(Stored entries)
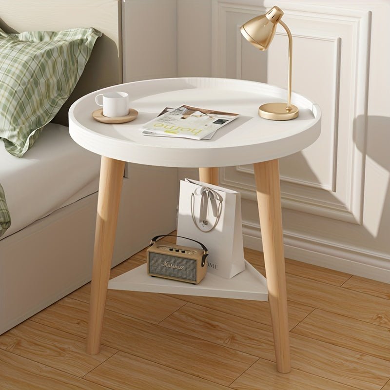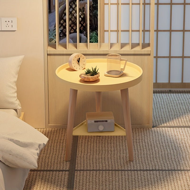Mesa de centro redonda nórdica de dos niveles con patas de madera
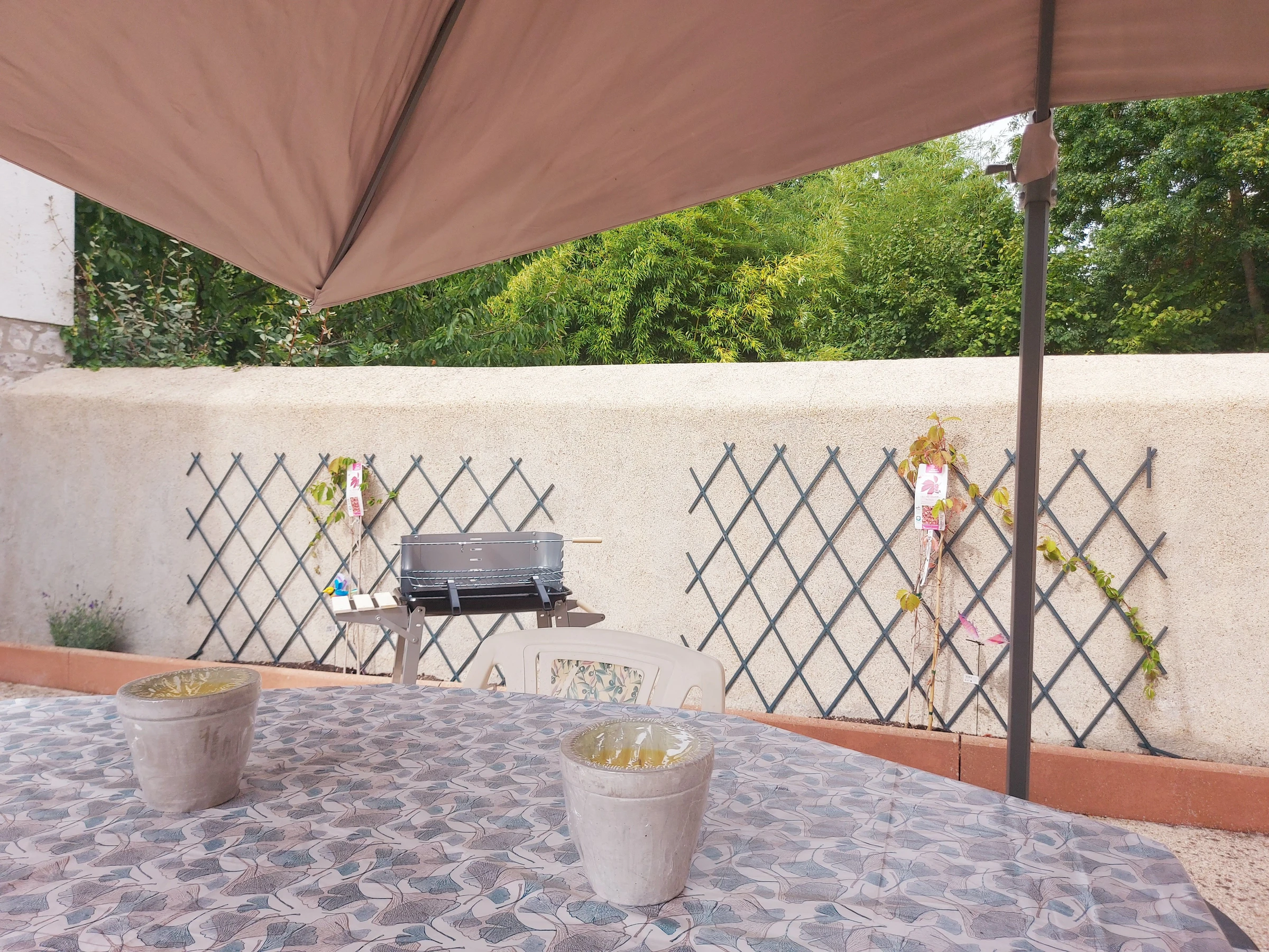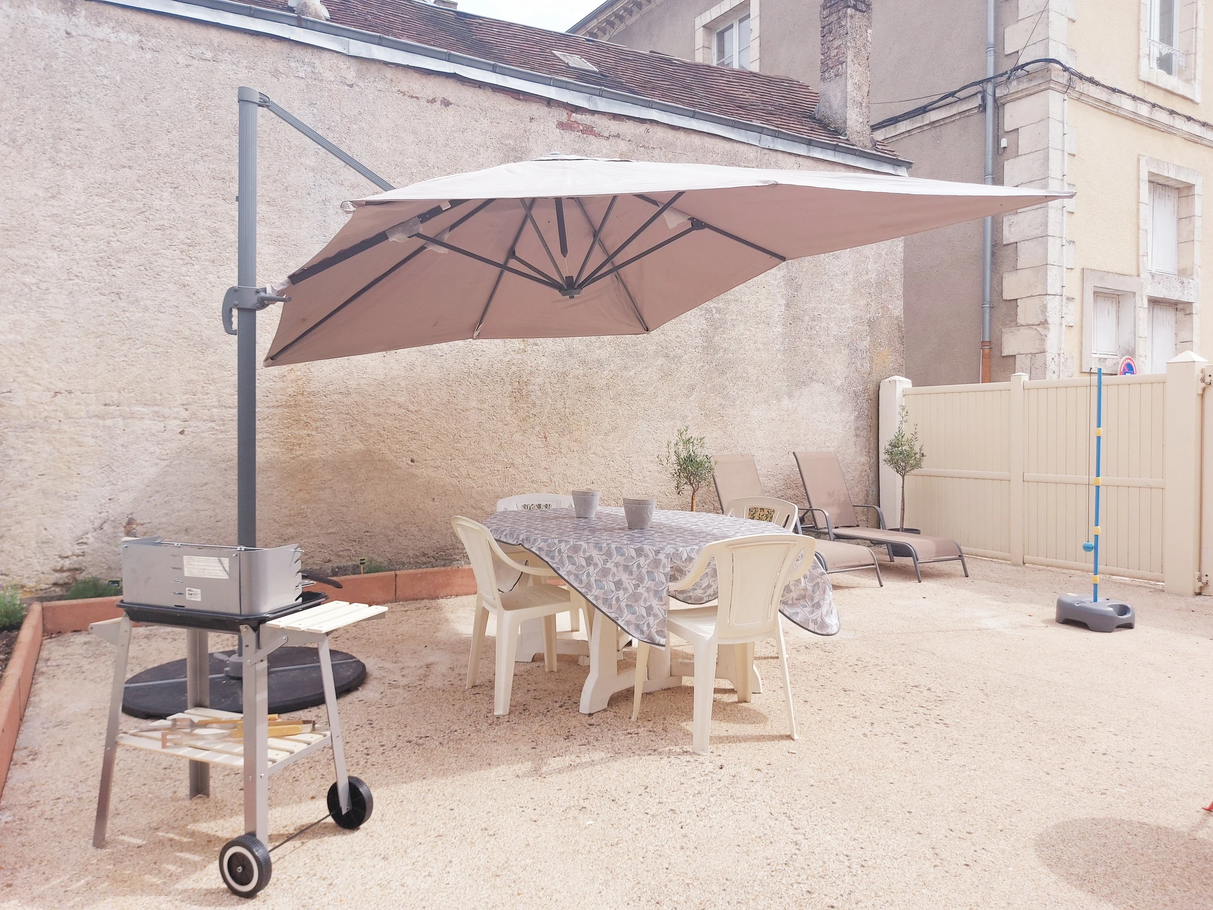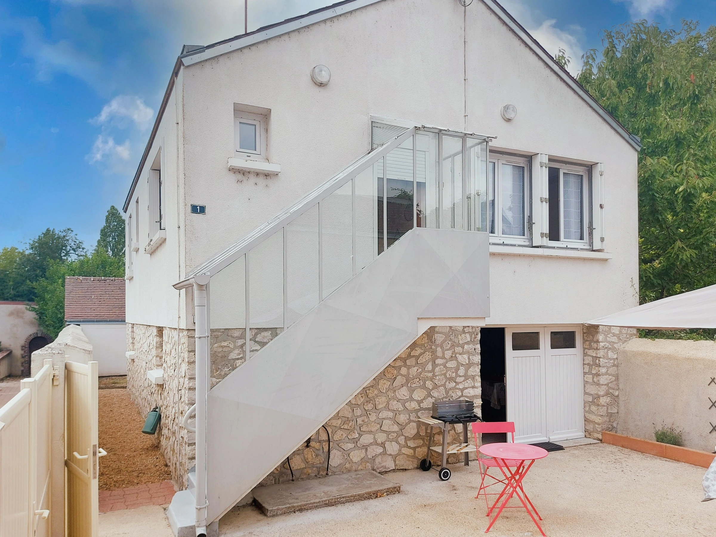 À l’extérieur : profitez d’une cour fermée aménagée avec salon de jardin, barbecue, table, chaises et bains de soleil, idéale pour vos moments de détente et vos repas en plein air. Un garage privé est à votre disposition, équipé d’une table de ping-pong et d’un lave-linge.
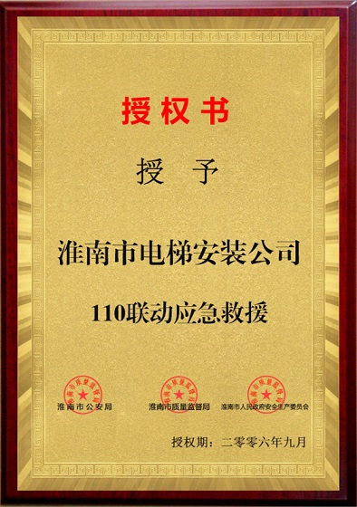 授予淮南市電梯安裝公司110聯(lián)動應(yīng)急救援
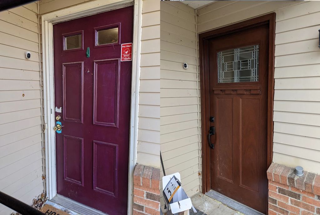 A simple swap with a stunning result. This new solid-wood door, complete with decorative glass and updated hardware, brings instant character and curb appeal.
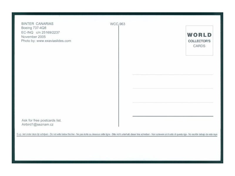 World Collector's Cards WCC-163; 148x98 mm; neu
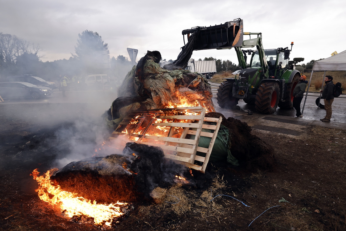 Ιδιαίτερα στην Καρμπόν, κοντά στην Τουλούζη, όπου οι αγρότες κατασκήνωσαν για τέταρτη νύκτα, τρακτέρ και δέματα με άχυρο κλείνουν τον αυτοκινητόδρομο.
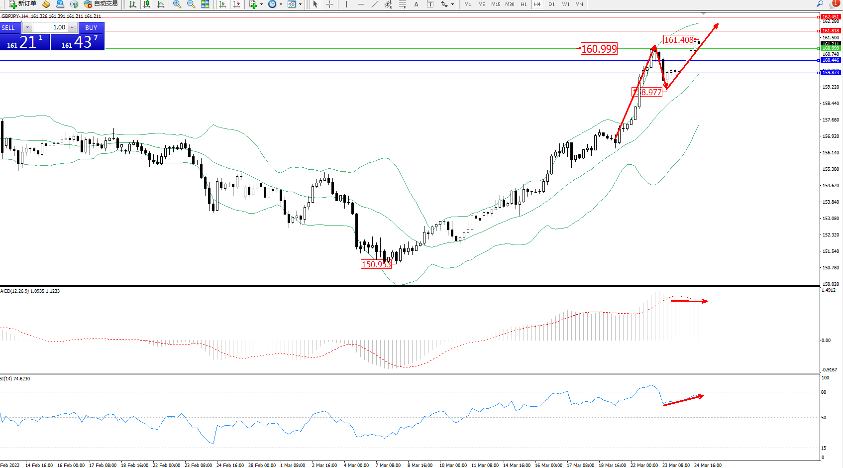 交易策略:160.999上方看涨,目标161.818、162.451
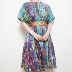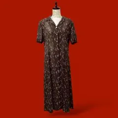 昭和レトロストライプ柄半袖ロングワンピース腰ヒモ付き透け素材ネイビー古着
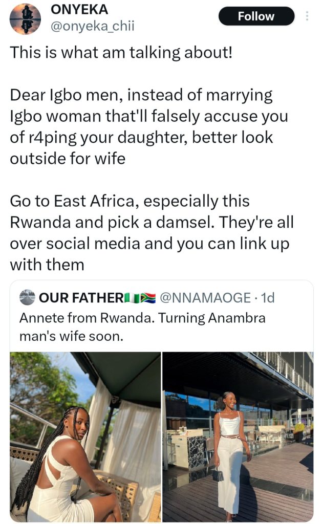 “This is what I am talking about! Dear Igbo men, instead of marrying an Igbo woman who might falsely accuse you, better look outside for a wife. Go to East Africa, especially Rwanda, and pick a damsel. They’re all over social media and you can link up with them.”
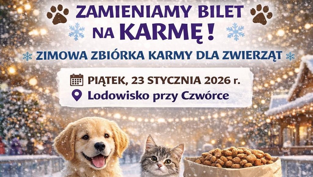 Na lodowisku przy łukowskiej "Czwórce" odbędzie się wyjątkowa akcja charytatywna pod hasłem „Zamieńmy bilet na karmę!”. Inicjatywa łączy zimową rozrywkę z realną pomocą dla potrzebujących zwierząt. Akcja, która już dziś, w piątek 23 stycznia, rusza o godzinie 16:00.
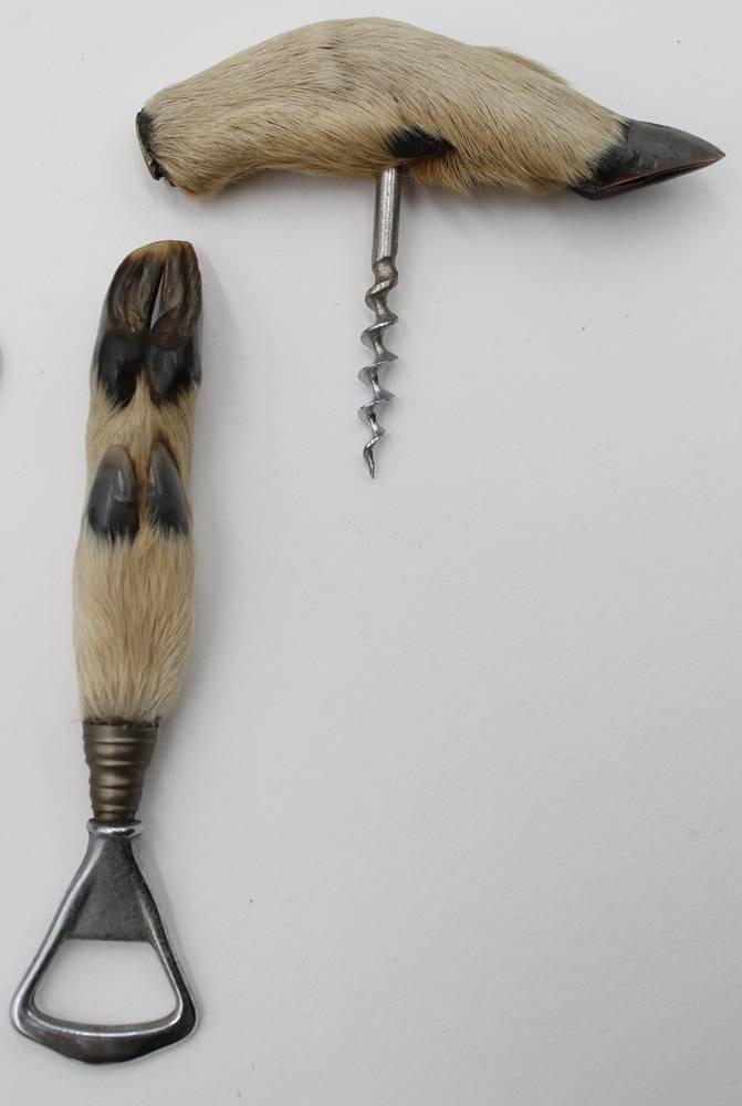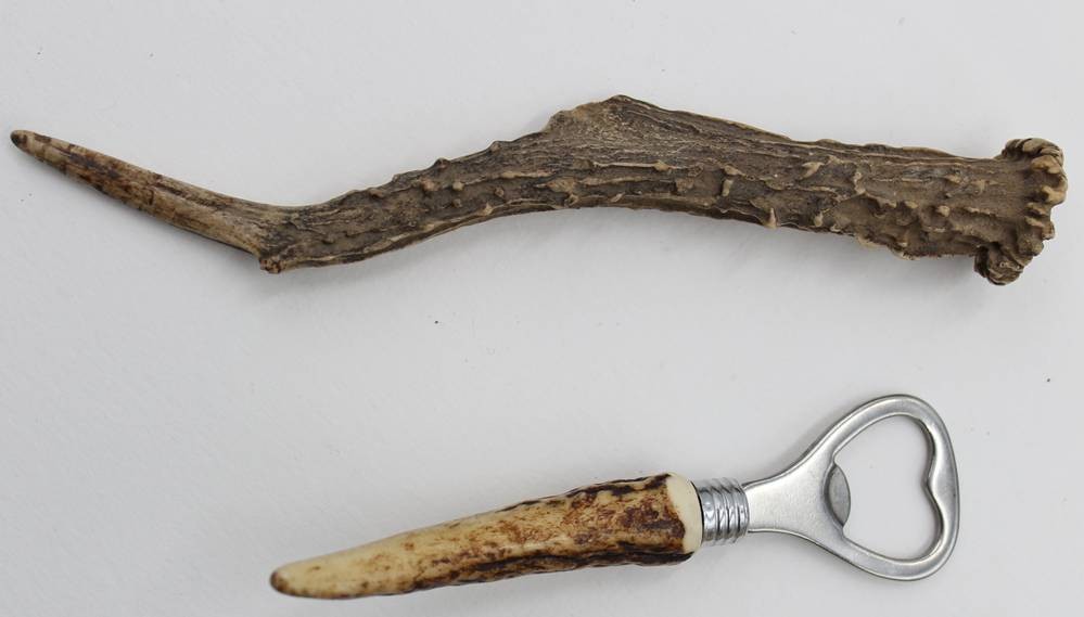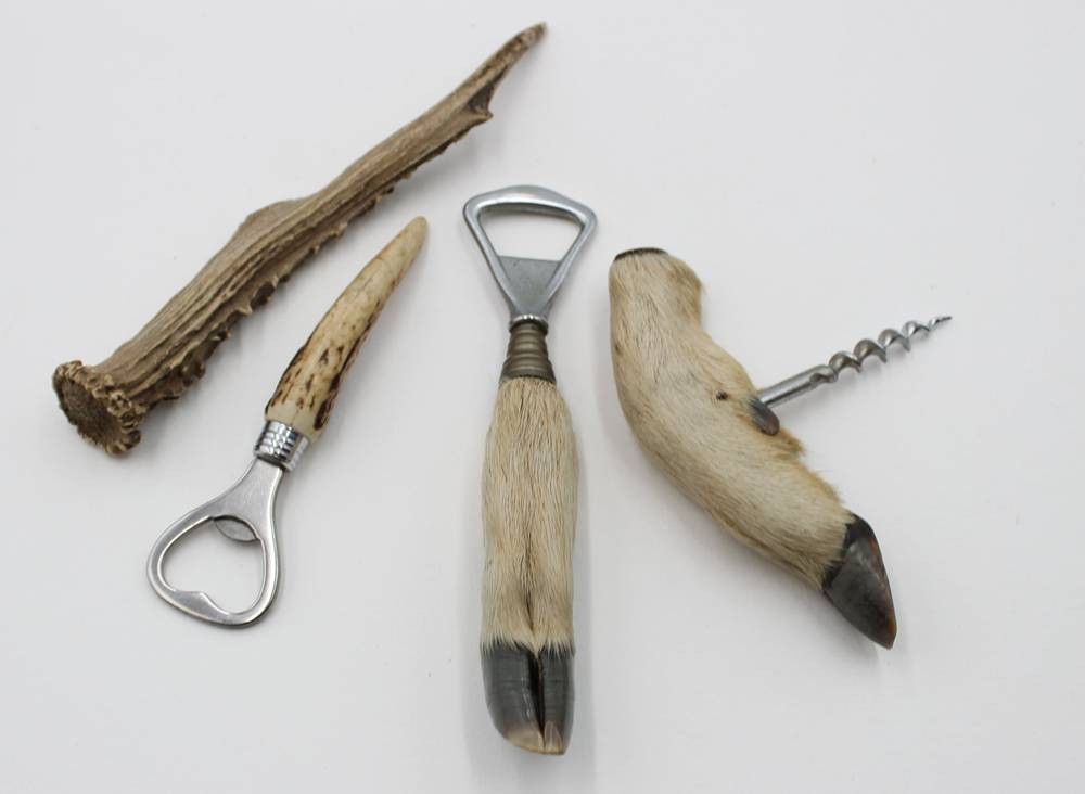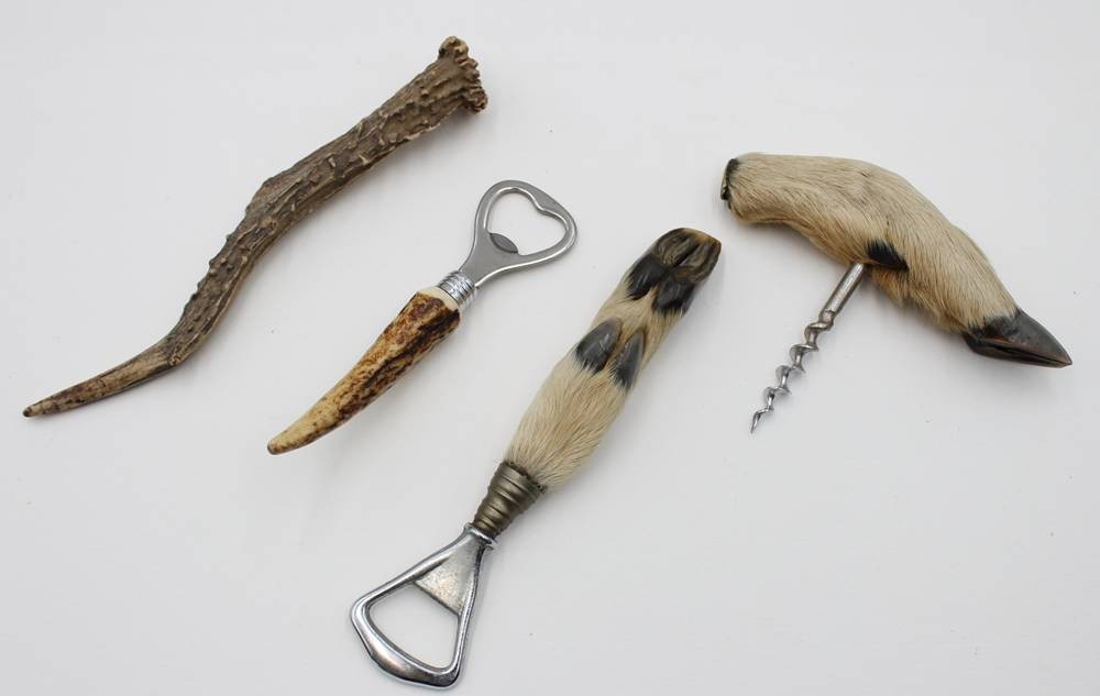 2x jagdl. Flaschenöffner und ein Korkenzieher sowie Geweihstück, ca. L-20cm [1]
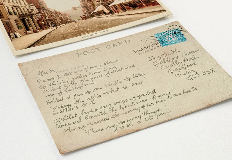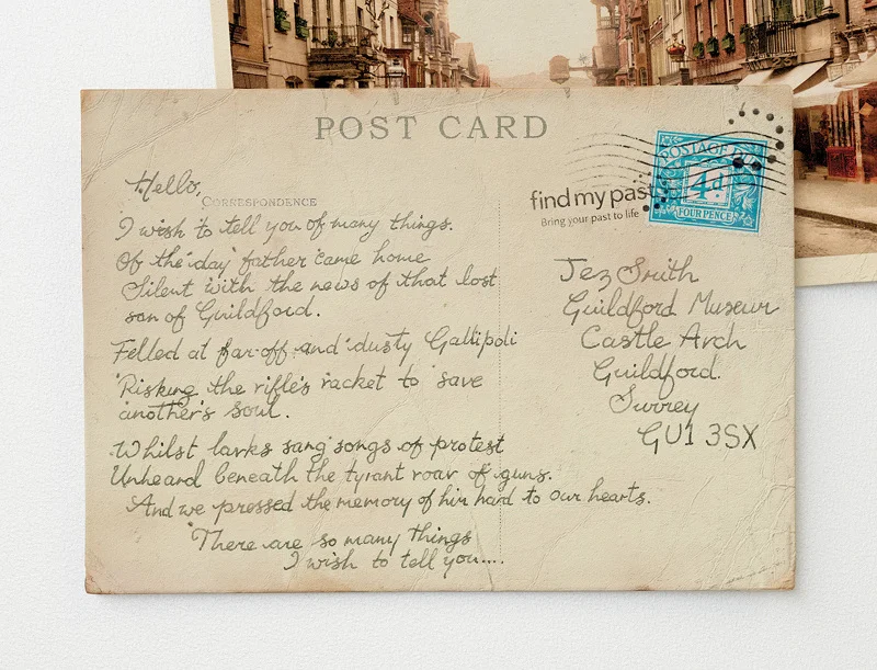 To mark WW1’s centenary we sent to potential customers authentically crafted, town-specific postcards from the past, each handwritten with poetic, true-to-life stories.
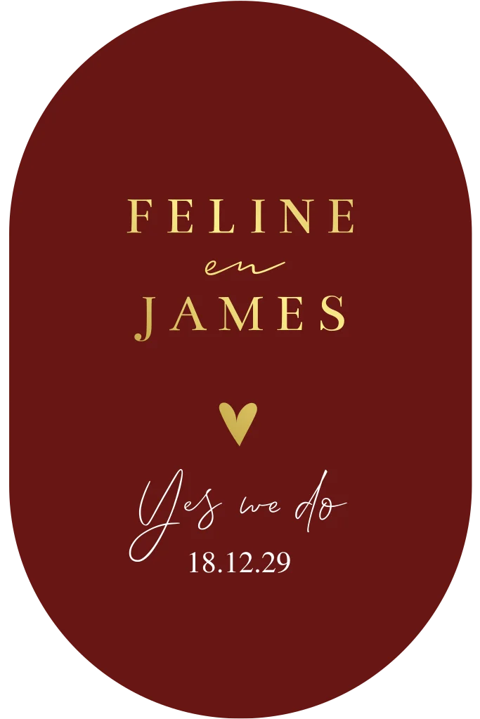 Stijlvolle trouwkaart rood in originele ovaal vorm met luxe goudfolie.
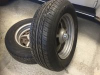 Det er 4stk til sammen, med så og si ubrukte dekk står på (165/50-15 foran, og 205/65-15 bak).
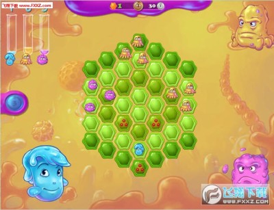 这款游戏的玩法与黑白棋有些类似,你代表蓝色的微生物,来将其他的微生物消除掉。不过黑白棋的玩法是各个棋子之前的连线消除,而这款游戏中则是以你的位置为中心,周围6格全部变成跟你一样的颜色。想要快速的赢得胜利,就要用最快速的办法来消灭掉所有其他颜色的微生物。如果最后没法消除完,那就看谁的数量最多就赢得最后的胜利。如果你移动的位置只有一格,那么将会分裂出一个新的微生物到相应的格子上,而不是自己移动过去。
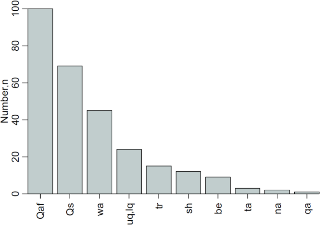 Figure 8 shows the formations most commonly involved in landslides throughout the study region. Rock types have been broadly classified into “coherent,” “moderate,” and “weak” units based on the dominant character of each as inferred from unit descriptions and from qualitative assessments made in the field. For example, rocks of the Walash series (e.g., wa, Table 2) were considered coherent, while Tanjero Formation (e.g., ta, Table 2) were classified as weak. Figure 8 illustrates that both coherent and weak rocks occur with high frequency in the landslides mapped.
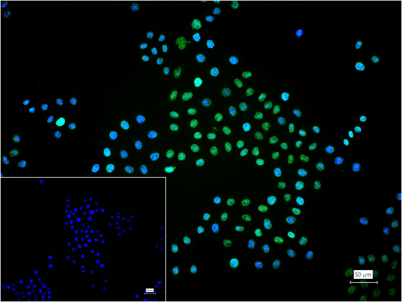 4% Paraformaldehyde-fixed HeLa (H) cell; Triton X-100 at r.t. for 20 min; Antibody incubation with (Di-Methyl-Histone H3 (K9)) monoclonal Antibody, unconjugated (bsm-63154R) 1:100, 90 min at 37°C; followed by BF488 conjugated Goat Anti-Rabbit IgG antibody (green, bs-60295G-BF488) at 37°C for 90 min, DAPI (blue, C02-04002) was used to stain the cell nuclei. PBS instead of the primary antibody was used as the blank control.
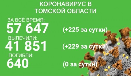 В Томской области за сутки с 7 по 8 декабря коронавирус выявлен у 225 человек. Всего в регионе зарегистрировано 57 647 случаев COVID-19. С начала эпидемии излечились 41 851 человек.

▶ _Problem to solve_
What you write must match, line for line, the records from the line containing "Figure 8 shows" through the last line, with every picture left out.

▶ _Task response_
 Figure 8 shows the formations most commonly involved in landslides throughout the study region. Rock types have been broadly classified into “coherent,” “moderate,” and “weak” units based on the dominant character of each as inferred from unit descriptions and from qualitative assessments made in the field. For example, rocks of the Walash series (e.g., wa, Table 2) were considered coherent, while Tanjero Formation (e.g., ta, Table 2) were classified as weak. Figure 8 illustrates that both coherent and weak rocks occur with high frequency in the landslides mapped.
 4% Paraformaldehyde-fixed HeLa (H) cell; Triton X-100 at r.t. for 20 min; Antibody incubation with (Di-Methyl-Histone H3 (K9)) monoclonal Antibody, unconjugated (bsm-63154R) 1:100, 90 min at 37°C; followed by BF488 conjugated Goat Anti-Rabbit IgG antibody (green, bs-60295G-BF488) at 37°C for 90 min, DAPI (blue, C02-04002) was used to stain the cell nuclei. PBS instead of the primary antibody was used as the blank control.
 В Томской области за сутки с 7 по 8 декабря коронавирус выявлен у 225 человек. Всего в регионе зарегистрировано 57 647 случаев COVID-19. С начала эпидемии излечились 41 851 человек.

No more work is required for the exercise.